-- PROVIDED RECORDS --
▼▼▼
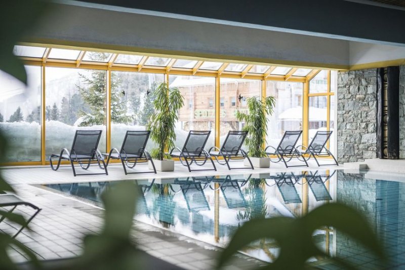 Vybavení K vybavení hotelu patří recepce (07.30–20.30, změny vyhrazeny), vstupní hala s možností posezení, Wi-Fi v celém hotelu, výtah, snídaňový salonek, salonek a hotelový bar „Zirbenstube“. Ve venkovní části je terasa. Své zimní sportovní vybavení si můžete po dobu pobytu odložit ve vytápěné lyžárně na lyže a snowboardy s vysoušečem lyžařských bot. Hosté mají podle dostupnosti k dispozici garážové stání (carport) a parkovací místa (za poplatek).
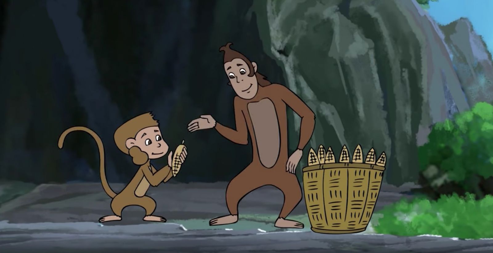 Đàn khỉ nghe thấy rất có lý, bèn đưa số hạt ngô ít ỏi cho người rồi chúng bảo nhau đi tìm cái ăn khác.
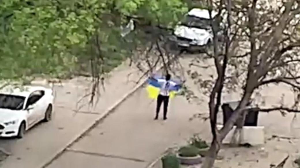 Советник мэра захваченного РФ Мариуполя Петр Андрющенко в своем Телеграмм-канале опубликовал видео, на котором видно, как мужчина несет по улице украинский флаг. В комментарии к публикации чиновник уточнил:
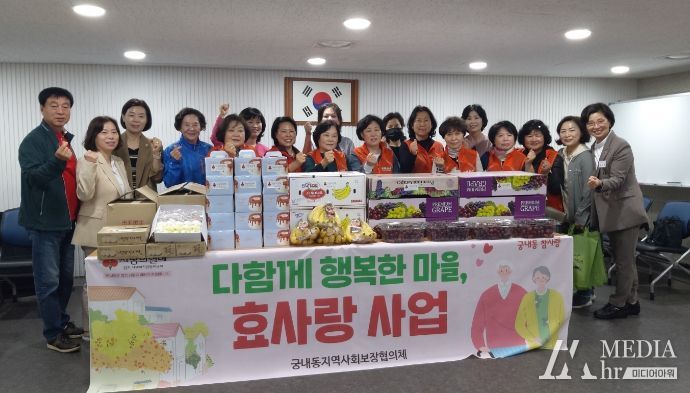 미디어아워 진금하 기자 | 군포시 궁내동 지역사회보장협의체에서는 어버이날을 즈음하여 5월 4일 저소득층 85세 이상 장수 어르신 30분에게 효사랑 선물을 전달했다.
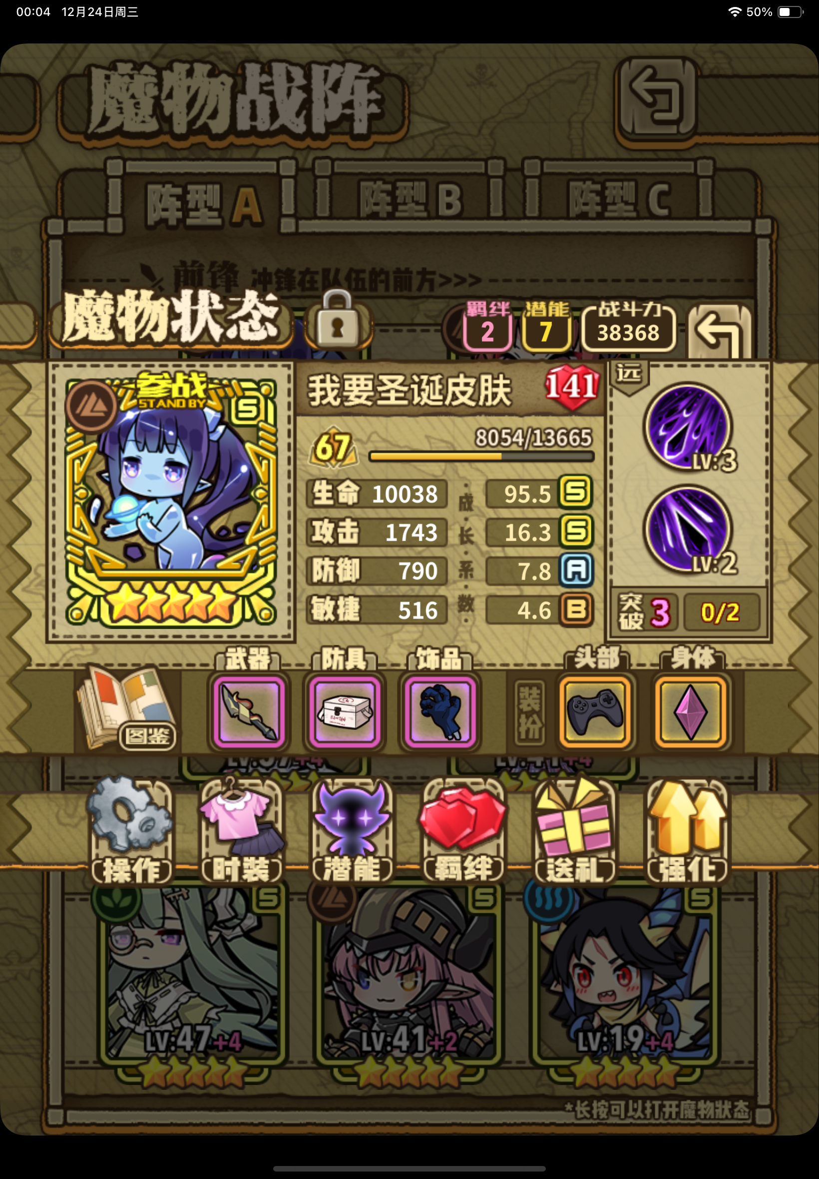 一、一堆五星,感觉都很拉跨,不想浪费资源。卫圣三破,白马二破,其他的全满破了,虽然还有6个彩蛋,22个白蛋,但常驻副本也不想浪费,等歪吧。二、升星任务全做完了,除了脆脆鲨,其他等级都在60左右,不打算吃经验蛋了,计划是坐等双倍布丁顺便刷等级吧。升星70之后打算做sp(也当是打发时间吧)三、常驻副本共8个,现在5个副本的资源都兑换完了,还剩3个……也懒得探索了……不知道现在该干什么,反正不管
▲▲▲
-- EXERCISE DESCRIPTION --
Transcribe the opening line of the listing above, please, and every line after it through the line with "미디어아워 진금하 기자", word for word, without pictures.

-- YOUR RESPONSE --
 Vybavení K vybavení hotelu patří recepce (07.30–20.30, změny vyhrazeny), vstupní hala s možností posezení, Wi-Fi v celém hotelu, výtah, snídaňový salonek, salonek a hotelový bar „Zirbenstube“. Ve venkovní části je terasa. Své zimní sportovní vybavení si můžete po dobu pobytu odložit ve vytápěné lyžárně na lyže a snowboardy s vysoušečem lyžařských bot. Hosté mají podle dostupnosti k dispozici garážové stání (carport) a parkovací místa (za poplatek).
 Đàn khỉ nghe thấy rất có lý, bèn đưa số hạt ngô ít ỏi cho người rồi chúng bảo nhau đi tìm cái ăn khác.
 Советник мэра захваченного РФ Мариуполя Петр Андрющенко в своем Телеграмм-канале опубликовал видео, на котором видно, как мужчина несет по улице украинский флаг. В комментарии к публикации чиновник уточнил:
 미디어아워 진금하 기자 | 군포시 궁내동 지역사회보장협의체에서는 어버이날을 즈음하여 5월 4일 저소득층 85세 이상 장수 어르신 30분에게 효사랑 선물을 전달했다.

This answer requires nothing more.